### [Exercise goal]
Write out the lines below once more, exactly as they appear. Do not include pictures.

[Saved data entries]
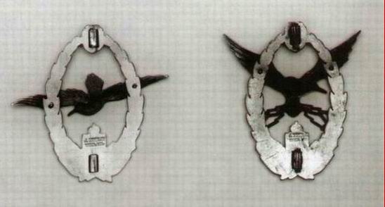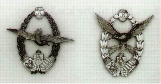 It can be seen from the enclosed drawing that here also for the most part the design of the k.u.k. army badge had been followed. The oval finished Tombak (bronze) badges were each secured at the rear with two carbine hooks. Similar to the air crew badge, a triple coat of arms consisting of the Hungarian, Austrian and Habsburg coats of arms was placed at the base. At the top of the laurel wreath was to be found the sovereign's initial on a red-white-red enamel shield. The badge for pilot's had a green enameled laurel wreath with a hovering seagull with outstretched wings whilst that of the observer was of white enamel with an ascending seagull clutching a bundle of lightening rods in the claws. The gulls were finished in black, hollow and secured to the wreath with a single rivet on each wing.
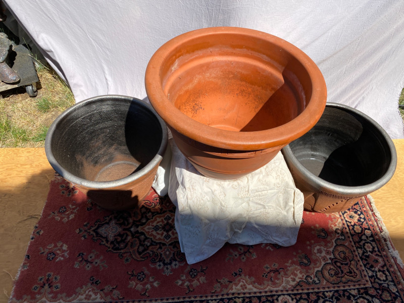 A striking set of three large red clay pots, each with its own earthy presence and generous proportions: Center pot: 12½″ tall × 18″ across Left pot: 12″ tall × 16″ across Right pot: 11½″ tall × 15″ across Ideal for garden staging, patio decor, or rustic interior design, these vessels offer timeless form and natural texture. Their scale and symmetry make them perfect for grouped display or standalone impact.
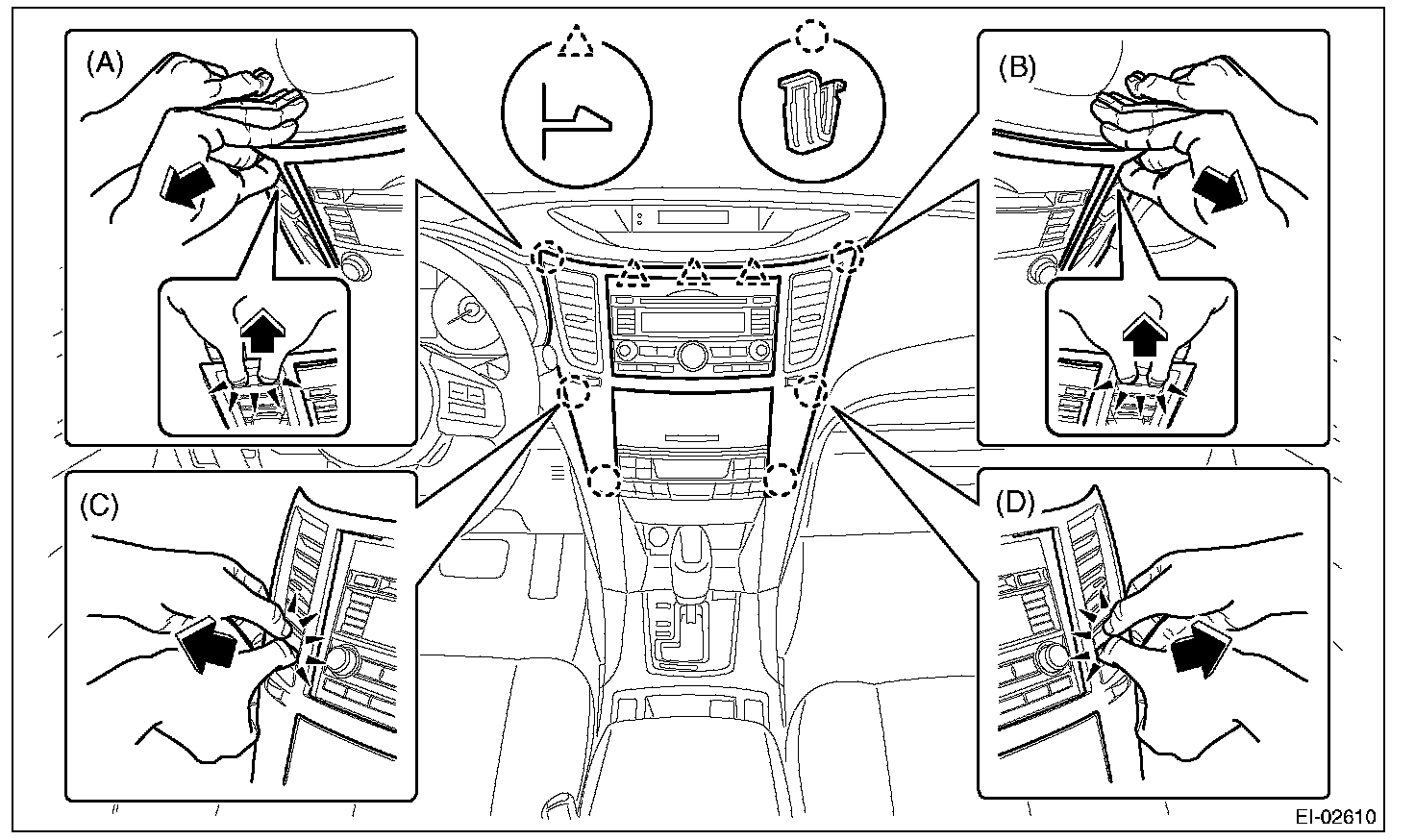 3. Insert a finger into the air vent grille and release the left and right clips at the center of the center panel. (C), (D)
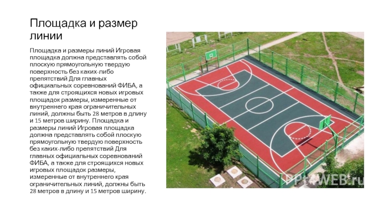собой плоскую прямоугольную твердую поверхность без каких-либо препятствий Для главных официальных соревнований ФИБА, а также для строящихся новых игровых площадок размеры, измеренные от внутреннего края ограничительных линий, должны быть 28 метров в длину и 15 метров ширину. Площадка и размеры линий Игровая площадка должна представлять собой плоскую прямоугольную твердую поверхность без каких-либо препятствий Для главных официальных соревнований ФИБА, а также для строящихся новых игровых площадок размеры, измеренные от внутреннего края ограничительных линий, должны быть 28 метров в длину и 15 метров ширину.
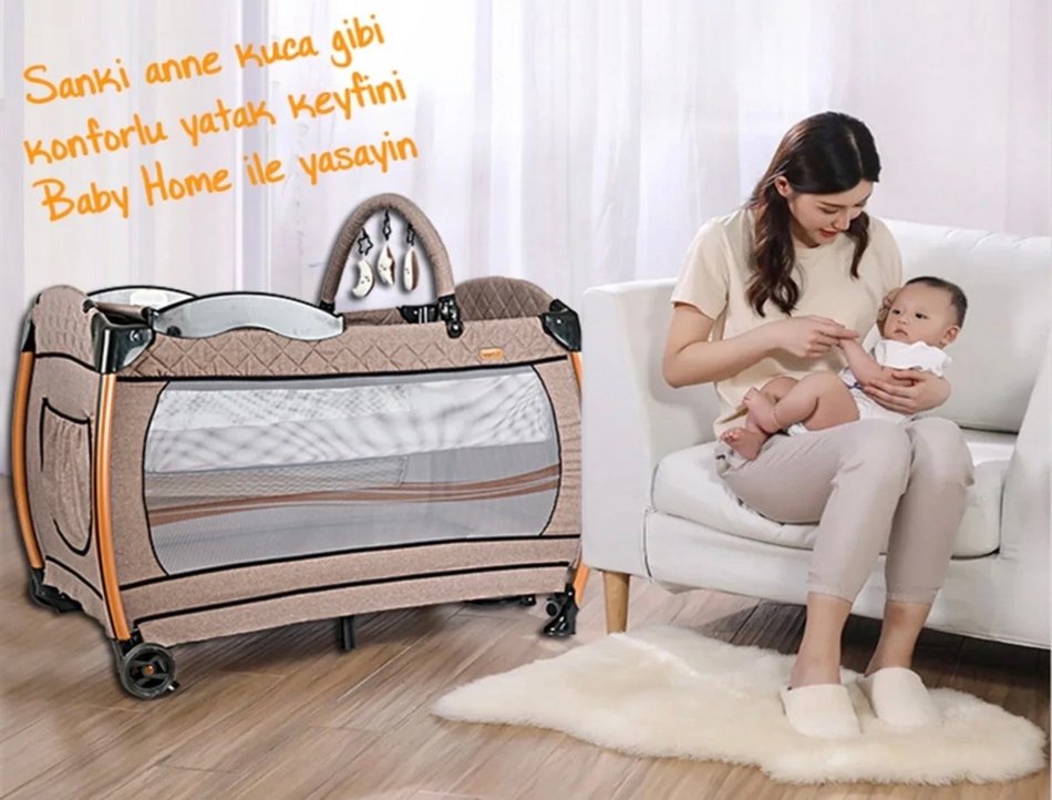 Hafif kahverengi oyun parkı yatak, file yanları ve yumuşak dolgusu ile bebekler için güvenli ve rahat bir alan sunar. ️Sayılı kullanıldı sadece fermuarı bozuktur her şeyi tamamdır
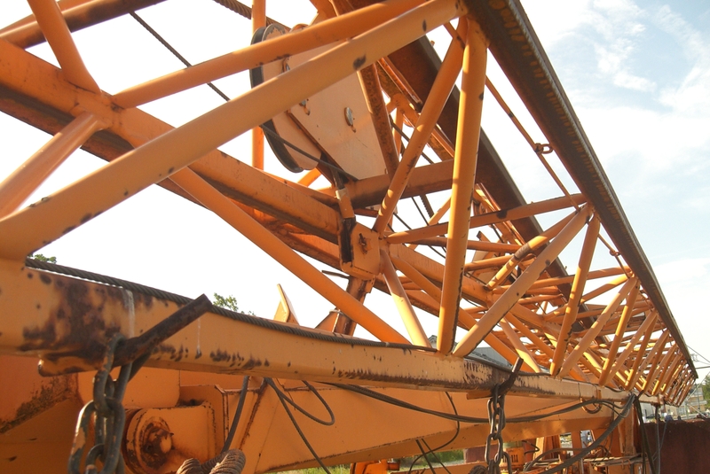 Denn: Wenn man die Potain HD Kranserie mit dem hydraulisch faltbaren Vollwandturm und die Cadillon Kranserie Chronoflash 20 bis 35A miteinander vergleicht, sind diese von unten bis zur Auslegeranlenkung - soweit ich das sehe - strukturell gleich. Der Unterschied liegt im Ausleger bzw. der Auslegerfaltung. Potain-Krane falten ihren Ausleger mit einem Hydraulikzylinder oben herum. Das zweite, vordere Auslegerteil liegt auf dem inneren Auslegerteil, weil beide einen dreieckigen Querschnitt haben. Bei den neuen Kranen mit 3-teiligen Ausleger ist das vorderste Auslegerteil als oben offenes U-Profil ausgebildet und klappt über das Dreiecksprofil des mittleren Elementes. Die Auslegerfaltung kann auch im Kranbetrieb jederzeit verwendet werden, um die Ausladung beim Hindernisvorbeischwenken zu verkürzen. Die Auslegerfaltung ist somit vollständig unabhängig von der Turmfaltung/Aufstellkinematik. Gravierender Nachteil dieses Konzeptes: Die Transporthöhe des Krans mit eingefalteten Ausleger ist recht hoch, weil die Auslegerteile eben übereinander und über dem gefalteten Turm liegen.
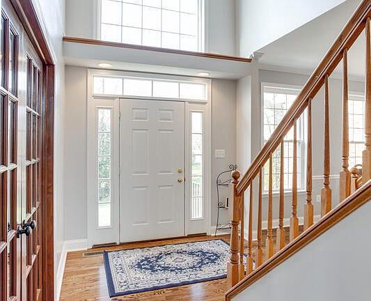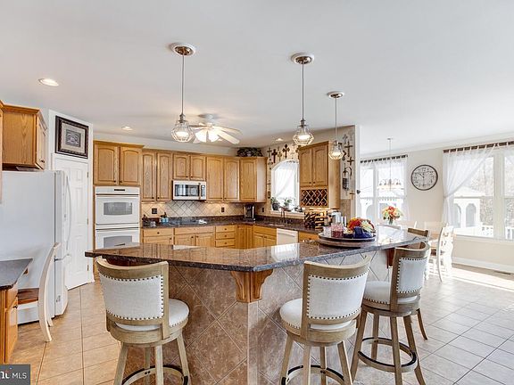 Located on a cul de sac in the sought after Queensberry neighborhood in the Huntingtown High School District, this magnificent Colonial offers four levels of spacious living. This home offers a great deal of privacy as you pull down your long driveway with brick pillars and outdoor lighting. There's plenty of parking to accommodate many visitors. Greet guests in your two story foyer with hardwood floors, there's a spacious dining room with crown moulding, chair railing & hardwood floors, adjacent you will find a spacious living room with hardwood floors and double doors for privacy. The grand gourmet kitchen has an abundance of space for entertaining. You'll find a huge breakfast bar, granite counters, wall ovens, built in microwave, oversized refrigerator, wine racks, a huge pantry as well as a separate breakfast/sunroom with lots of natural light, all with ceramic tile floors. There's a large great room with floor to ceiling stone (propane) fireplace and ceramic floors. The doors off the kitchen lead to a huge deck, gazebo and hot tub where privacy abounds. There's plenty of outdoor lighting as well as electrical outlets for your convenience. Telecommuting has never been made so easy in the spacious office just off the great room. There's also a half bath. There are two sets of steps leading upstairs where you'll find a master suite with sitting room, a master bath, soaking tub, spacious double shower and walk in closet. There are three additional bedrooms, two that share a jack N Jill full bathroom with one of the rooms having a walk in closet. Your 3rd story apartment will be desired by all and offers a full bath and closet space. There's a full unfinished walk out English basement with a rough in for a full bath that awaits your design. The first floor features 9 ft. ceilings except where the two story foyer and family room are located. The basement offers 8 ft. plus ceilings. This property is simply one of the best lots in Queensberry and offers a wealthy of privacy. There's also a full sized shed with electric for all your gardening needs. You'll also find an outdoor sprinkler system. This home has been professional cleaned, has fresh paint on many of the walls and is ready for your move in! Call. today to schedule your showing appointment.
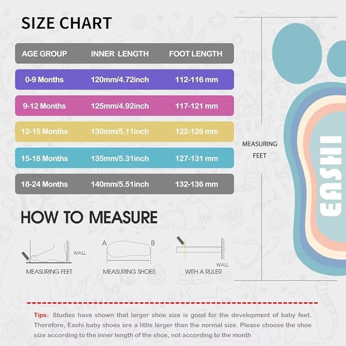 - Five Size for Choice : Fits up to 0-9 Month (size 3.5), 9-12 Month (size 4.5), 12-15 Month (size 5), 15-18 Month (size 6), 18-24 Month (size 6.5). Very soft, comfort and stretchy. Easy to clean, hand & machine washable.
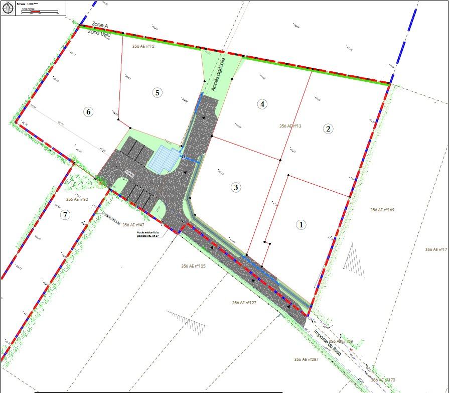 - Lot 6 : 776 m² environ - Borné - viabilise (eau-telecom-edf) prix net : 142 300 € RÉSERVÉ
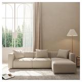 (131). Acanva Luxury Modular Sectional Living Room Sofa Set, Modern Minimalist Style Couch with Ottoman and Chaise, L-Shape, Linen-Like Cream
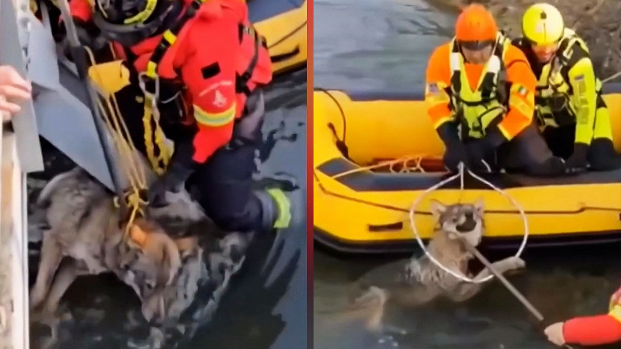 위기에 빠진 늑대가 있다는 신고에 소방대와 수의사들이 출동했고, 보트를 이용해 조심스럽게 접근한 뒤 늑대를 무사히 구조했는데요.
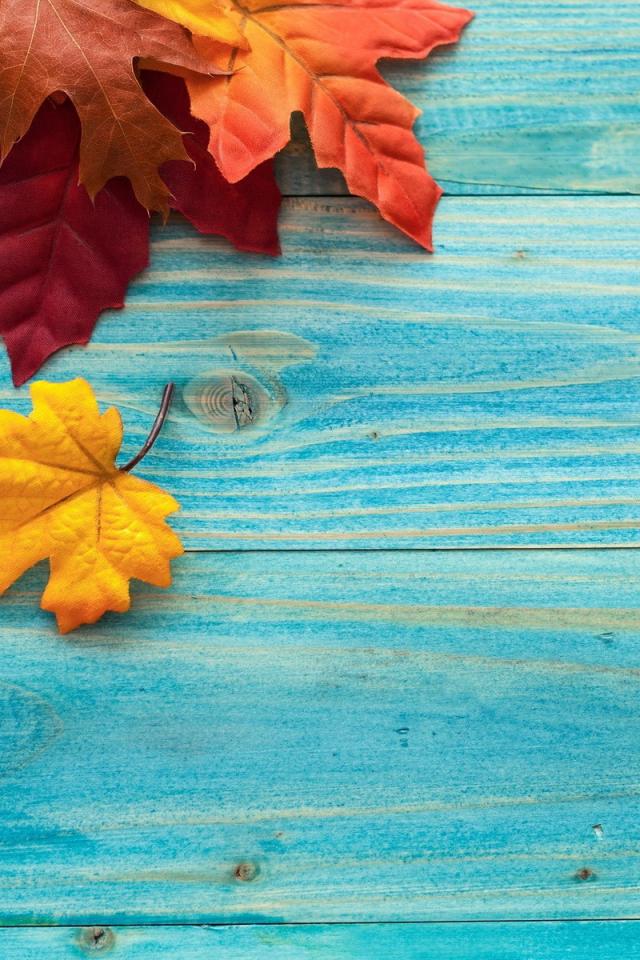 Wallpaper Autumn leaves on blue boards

### [Task result]
 It can be seen from the enclosed drawing that here also for the most part the design of the k.u.k. army badge had been followed. The oval finished Tombak (bronze) badges were each secured at the rear with two carbine hooks. Similar to the air crew badge, a triple coat of arms consisting of the Hungarian, Austrian and Habsburg coats of arms was placed at the base. At the top of the laurel wreath was to be found the sovereign's initial on a red-white-red enamel shield. The badge for pilot's had a green enameled laurel wreath with a hovering seagull with outstretched wings whilst that of the observer was of white enamel with an ascending seagull clutching a bundle of lightening rods in the claws. The gulls were finished in black, hollow and secured to the wreath with a single rivet on each wing.
 A striking set of three large red clay pots, each with its own earthy presence and generous proportions: Center pot: 12½″ tall × 18″ across Left pot: 12″ tall × 16″ across Right pot: 11½″ tall × 15″ across Ideal for garden staging, patio decor, or rustic interior design, these vessels offer timeless form and natural texture. Their scale and symmetry make them perfect for grouped display or standalone impact.
 3. Insert a finger into the air vent grille and release the left and right clips at the center of the center panel. (C), (D)
собой плоскую прямоугольную твердую поверхность без каких-либо препятствий Для главных официальных соревнований ФИБА, а также для строящихся новых игровых площадок размеры, измеренные от внутреннего края ограничительных линий, должны быть 28 метров в длину и 15 метров ширину. Площадка и размеры линий Игровая площадка должна представлять собой плоскую прямоугольную твердую поверхность без каких-либо препятствий Для главных официальных соревнований ФИБА, а также для строящихся новых игровых площадок размеры, измеренные от внутреннего края ограничительных линий, должны быть 28 метров в длину и 15 метров ширину.
 Hafif kahverengi oyun parkı yatak, file yanları ve yumuşak dolgusu ile bebekler için güvenli ve rahat bir alan sunar. ️Sayılı kullanıldı sadece fermuarı bozuktur her şeyi tamamdır
 Denn: Wenn man die Potain HD Kranserie mit dem hydraulisch faltbaren Vollwandturm und die Cadillon Kranserie Chronoflash 20 bis 35A miteinander vergleicht, sind diese von unten bis zur Auslegeranlenkung - soweit ich das sehe - strukturell gleich. Der Unterschied liegt im Ausleger bzw. der Auslegerfaltung. Potain-Krane falten ihren Ausleger mit einem Hydraulikzylinder oben herum. Das zweite, vordere Auslegerteil liegt auf dem inneren Auslegerteil, weil beide einen dreieckigen Querschnitt haben. Bei den neuen Kranen mit 3-teiligen Ausleger ist das vorderste Auslegerteil als oben offenes U-Profil ausgebildet und klappt über das Dreiecksprofil des mittleren Elementes. Die Auslegerfaltung kann auch im Kranbetrieb jederzeit verwendet werden, um die Ausladung beim Hindernisvorbeischwenken zu verkürzen. Die Auslegerfaltung ist somit vollständig unabhängig von der Turmfaltung/Aufstellkinematik. Gravierender Nachteil dieses Konzeptes: Die Transporthöhe des Krans mit eingefalteten Ausleger ist recht hoch, weil die Auslegerteile eben übereinander und über dem gefalteten Turm liegen.
 Located on a cul de sac in the sought after Queensberry neighborhood in the Huntingtown High School District, this magnificent Colonial offers four levels of spacious living. This home offers a great deal of privacy as you pull down your long driveway with brick pillars and outdoor lighting. There's plenty of parking to accommodate many visitors. Greet guests in your two story foyer with hardwood floors, there's a spacious dining room with crown moulding, chair railing & hardwood floors, adjacent you will find a spacious living room with hardwood floors and double doors for privacy. The grand gourmet kitchen has an abundance of space for entertaining. You'll find a huge breakfast bar, granite counters, wall ovens, built in microwave, oversized refrigerator, wine racks, a huge pantry as well as a separate breakfast/sunroom with lots of natural light, all with ceramic tile floors. There's a large great room with floor to ceiling stone (propane) fireplace and ceramic floors. The doors off the kitchen lead to a huge deck, gazebo and hot tub where privacy abounds. There's plenty of outdoor lighting as well as electrical outlets for your convenience. Telecommuting has never been made so easy in the spacious office just off the great room. There's also a half bath. There are two sets of steps leading upstairs where you'll find a master suite with sitting room, a master bath, soaking tub, spacious double shower and walk in closet. There are three additional bedrooms, two that share a jack N Jill full bathroom with one of the rooms having a walk in closet. Your 3rd story apartment will be desired by all and offers a full bath and closet space. There's a full unfinished walk out English basement with a rough in for a full bath that awaits your design. The first floor features 9 ft. ceilings except where the two story foyer and family room are located. The basement offers 8 ft. plus ceilings. This property is simply one of the best lots in Queensberry and offers a wealthy of privacy. There's also a full sized shed with electric for all your gardening needs. You'll also find an outdoor sprinkler system. This home has been professional cleaned, has fresh paint on many of the walls and is ready for your move in! Call. today to schedule your showing appointment.
 - Five Size for Choice : Fits up to 0-9 Month (size 3.5), 9-12 Month (size 4.5), 12-15 Month (size 5), 15-18 Month (size 6), 18-24 Month (size 6.5). Very soft, comfort and stretchy. Easy to clean, hand & machine washable.
 - Lot 6 : 776 m² environ - Borné - viabilise (eau-telecom-edf) prix net : 142 300 € RÉSERVÉ
 (131). Acanva Luxury Modular Sectional Living Room Sofa Set, Modern Minimalist Style Couch with Ottoman and Chaise, L-Shape, Linen-Like Cream
 위기에 빠진 늑대가 있다는 신고에 소방대와 수의사들이 출동했고, 보트를 이용해 조심스럽게 접근한 뒤 늑대를 무사히 구조했는데요.
 Wallpaper Autumn leaves on blue boards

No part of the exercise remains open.